- Court: House of Lords
- Citation: [1967] 1 AC 361

= Suisse Atlantique Societe d'Armament SA v NV Rotterdamsche Kolen Centrale =

Suisse Atlantique Societe d'Armament SA v NV Rotterdamsche Kolen Centrale [1967] 1 AC 361 is a landmark English contract law decision of the House of Lords, concerning the notions of fundamental breach of contract and inequality of bargaining power.

It was subsequently upheld by another House of Lords case, Photoproductions v Securicor, and together these two cases form the definitive statement of the common law prior to the Unfair Contract Terms Act 1977.

==Facts==
The case involved a two-year time charter to export coal from Europe to the USA. The ship was to make as many trips as possible, and the owners were to be paid an agreed freight rate according to the amount of cargo carried. If the laytime (Note: "Laytime" is the allowable period for the charterer to arrange loading and unloading) were exceeded, the charterers were to pay demurrage of $1000 per day. Serious delays occurred because the charterers had difficulty both in getting cargo to the port, and in loading and unloading efficiently. Nevertheless, the shipowner did not cancel the contract, but allowed the charter to continue for the remainder of the two years. In all, only eight round trips were made, whereas the owners claimed that, without delays, a further six trips were feasible. The total demurrage payable amounted to only $150,000. The owners sued for damages, saying their claim should not be limited to the demurrage amount because the charterer's gross delays amounted to a fundamental breach of the contract.
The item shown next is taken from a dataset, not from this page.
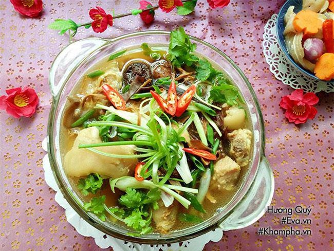 Măng khô là một loại đặc sản ở các vùng miền núi nhưng từ lâu măng khô là nguyên liệu có mặt thường xuyên trong các gia đình vào dịp Tết. Măng khô được luộc mềm, rửa sạch, xé sợi và đem nấu cùng với móng giò. Món canh vừa có mùi thơm đặc trưng của măng, mềm mềm, beo béo của móng giò nhưng không hề ngán.

(To explain the financial background: from the charterer's point of view, it may have been economically more efficient to delay loading and unloading, and deliberately act in breach of the contract rather than to carry it out by making more voyages, because, after the contract had been made, the re-opening of the Suez Canal had led to a fall in freight rates).

==Judgment==
The owners claimed that the delays were so great as to constitute a fundamental breach of the charterparty. They argued that the $1000 per day demurrage was so derisory that the term amounted to an exclusion clause denying the shipowner appropriate compensation; and further, that the case of Karsales Ltd v Wallis meant that in the event of a fundamental breach, the law automatically denied such protection of any exclusion clauses.
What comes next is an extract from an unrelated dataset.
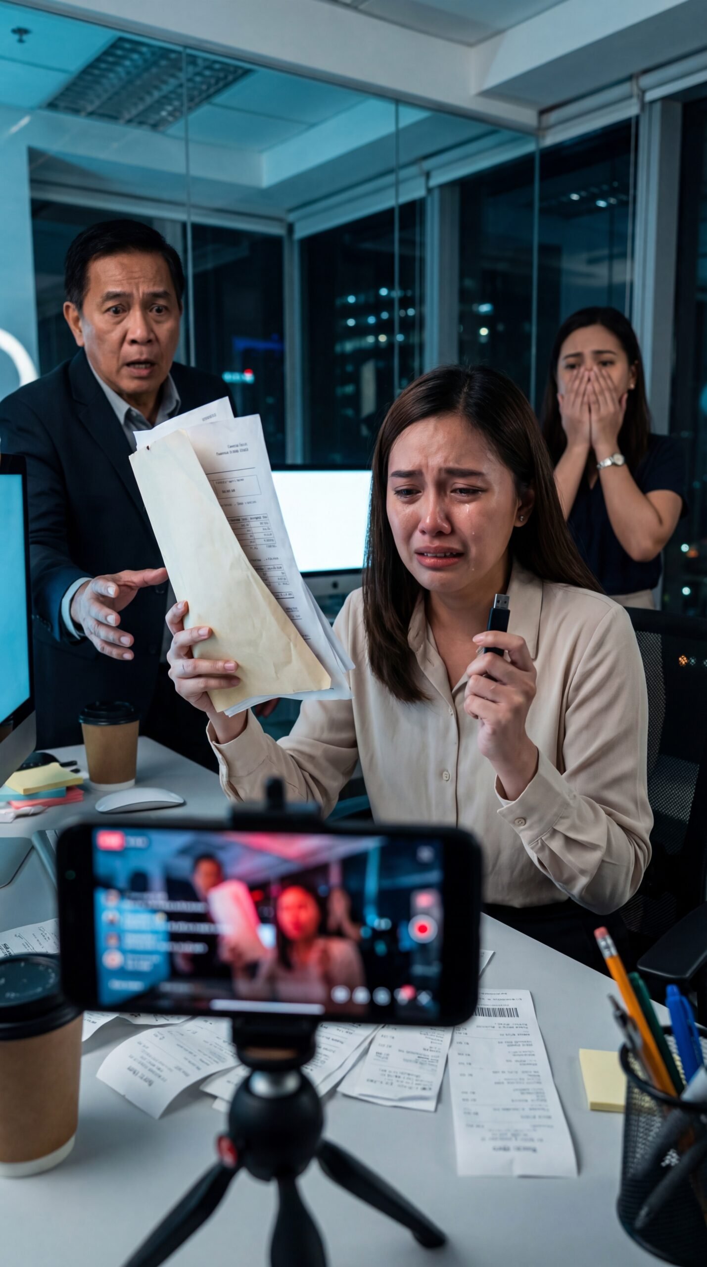 May mga gabi sa opisina na tahimik dapat—yung tipong ang tanging ingay lang ay ugong ng aircon at mahinang click ng keyboard. Pero sa gabing nasa larawan, ang katahimikan ay parang salamin na biglang nabasag. Sa harap ng malapad na bintana ng isang mataas na gusali, kita ang mga ilaw ng siyudad sa labas. Sa loob, sa ilalim ng malamlam na ilaw na kulay bughaw, may isang accountant na umiiyak habang hawak ang makapal na papeles sa isang kamay at isang maliit na USB sa kabila. Ang tanong ay isa lang: paano nauwi ang isang “ordinaryong overtime” sa sandaling sisira sa isang imperyo ng kasinungalingan?

The House of Lords observed that since the charterparty did not prescribe a minimum number of voyages, there was no inherent breach by the charterers undertaking only 8 voyages rather than the 17 that the owners claimed were possible. Rather, if the delays meant that the charterer had exceeded laytime, then demurrage would be payable; and since the demurrage clause plainly showed that the parties had contemplated the possibility of delay, it followed that the delays did not amount to fundamental breach. (Nevertheless, the demurrage clause was in effect a limitation clause restricting the ability of the shipowner to claim actual losses).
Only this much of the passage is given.